(Your instructions)
Only one span is wanted from the lines below: from the one with "Kids Girls Casual" up to and including the one with "Джингджэнь сине -белая". Copy it exactly, without images.

(Data to examine)
____

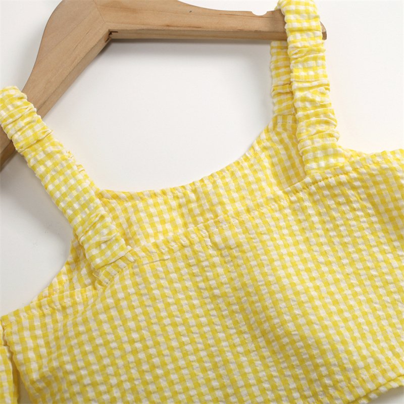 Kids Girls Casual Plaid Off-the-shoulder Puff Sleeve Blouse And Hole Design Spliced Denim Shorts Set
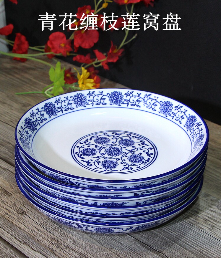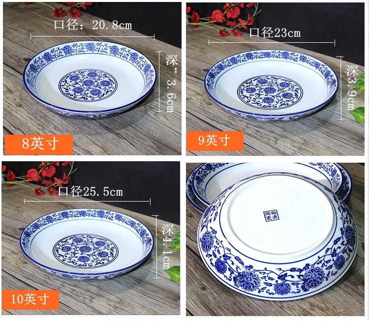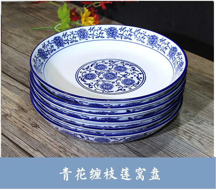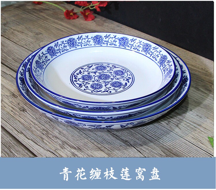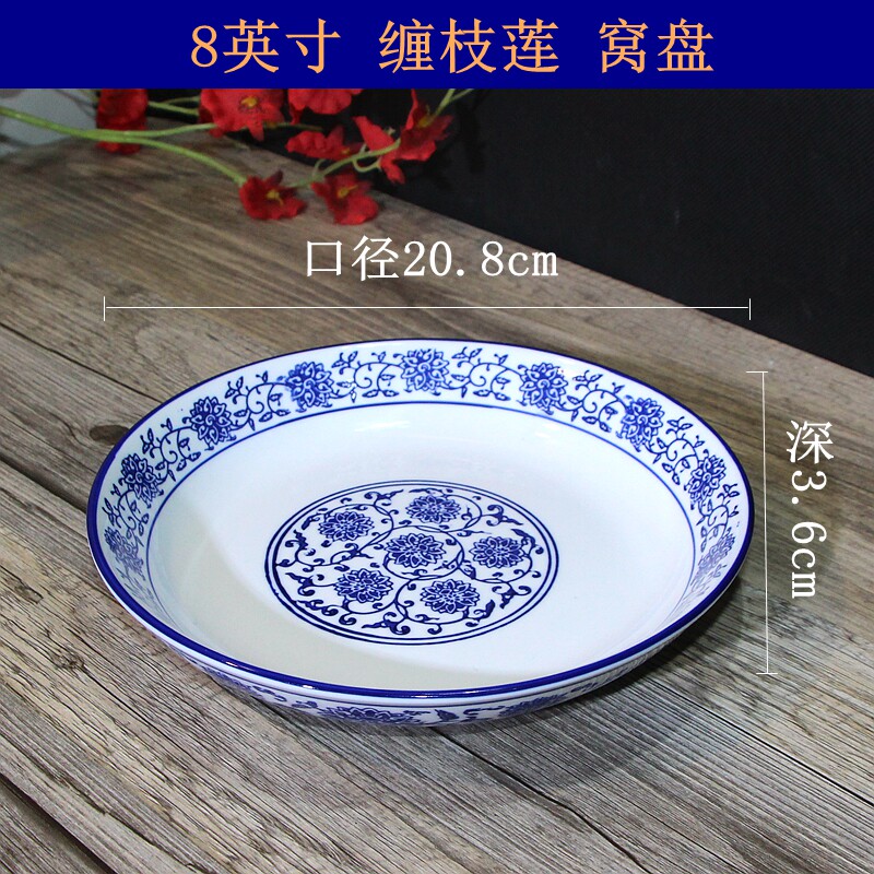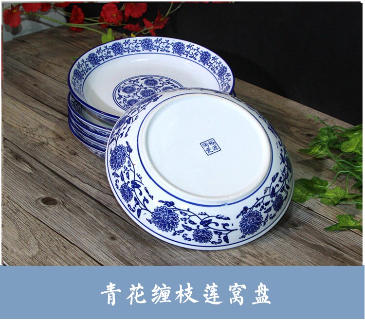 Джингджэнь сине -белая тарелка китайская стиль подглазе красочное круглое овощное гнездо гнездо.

____

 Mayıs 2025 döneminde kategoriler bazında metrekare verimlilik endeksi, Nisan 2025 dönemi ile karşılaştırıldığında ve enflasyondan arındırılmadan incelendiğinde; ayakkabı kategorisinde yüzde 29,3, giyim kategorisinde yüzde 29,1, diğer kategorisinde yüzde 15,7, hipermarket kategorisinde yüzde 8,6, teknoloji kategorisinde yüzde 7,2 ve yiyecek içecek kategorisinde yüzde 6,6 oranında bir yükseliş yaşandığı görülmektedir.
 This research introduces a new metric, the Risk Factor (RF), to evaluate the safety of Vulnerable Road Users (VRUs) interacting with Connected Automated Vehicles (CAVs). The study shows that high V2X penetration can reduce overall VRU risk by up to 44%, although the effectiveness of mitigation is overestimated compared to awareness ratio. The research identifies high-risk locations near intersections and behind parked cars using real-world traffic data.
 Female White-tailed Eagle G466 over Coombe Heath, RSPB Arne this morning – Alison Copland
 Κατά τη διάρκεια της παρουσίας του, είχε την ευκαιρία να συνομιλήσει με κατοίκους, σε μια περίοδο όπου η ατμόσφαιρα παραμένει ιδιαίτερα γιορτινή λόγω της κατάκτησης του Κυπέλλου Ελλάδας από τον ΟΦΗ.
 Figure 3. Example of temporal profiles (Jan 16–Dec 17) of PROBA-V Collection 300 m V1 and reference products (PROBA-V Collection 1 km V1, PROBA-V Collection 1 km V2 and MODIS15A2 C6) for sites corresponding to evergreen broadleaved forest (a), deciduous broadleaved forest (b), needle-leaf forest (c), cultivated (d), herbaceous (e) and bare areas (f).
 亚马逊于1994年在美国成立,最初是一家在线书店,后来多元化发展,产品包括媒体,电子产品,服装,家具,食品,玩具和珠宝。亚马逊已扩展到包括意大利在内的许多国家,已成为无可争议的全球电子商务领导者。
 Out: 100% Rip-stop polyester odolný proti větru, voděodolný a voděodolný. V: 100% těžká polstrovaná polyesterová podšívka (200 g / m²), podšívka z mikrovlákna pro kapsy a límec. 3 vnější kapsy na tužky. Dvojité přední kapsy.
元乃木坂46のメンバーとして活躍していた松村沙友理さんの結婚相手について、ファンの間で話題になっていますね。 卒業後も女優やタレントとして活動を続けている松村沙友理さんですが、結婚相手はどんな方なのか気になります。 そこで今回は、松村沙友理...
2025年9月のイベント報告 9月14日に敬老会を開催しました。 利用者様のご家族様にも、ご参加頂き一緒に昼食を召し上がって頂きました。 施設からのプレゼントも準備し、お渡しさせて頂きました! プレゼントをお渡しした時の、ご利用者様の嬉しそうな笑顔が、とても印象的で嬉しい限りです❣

____

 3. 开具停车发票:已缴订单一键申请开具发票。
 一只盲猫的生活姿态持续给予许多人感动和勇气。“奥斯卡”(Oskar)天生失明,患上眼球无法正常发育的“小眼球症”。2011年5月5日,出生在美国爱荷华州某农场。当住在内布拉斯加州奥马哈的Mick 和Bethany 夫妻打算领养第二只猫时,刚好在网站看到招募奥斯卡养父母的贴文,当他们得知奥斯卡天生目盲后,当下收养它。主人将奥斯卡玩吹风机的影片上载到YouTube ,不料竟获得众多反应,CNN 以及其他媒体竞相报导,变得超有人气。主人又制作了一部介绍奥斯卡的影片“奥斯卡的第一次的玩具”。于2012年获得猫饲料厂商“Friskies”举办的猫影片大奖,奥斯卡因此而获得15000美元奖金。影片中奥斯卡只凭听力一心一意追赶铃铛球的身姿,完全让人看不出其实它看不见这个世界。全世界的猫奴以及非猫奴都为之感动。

____

(Output for this exercise)
 Kids Girls Casual Plaid Off-the-shoulder Puff Sleeve Blouse And Hole Design Spliced Denim Shorts Set
 Джингджэнь сине -белая тарелка китайская стиль подглазе красочное круглое овощное гнездо гнездо.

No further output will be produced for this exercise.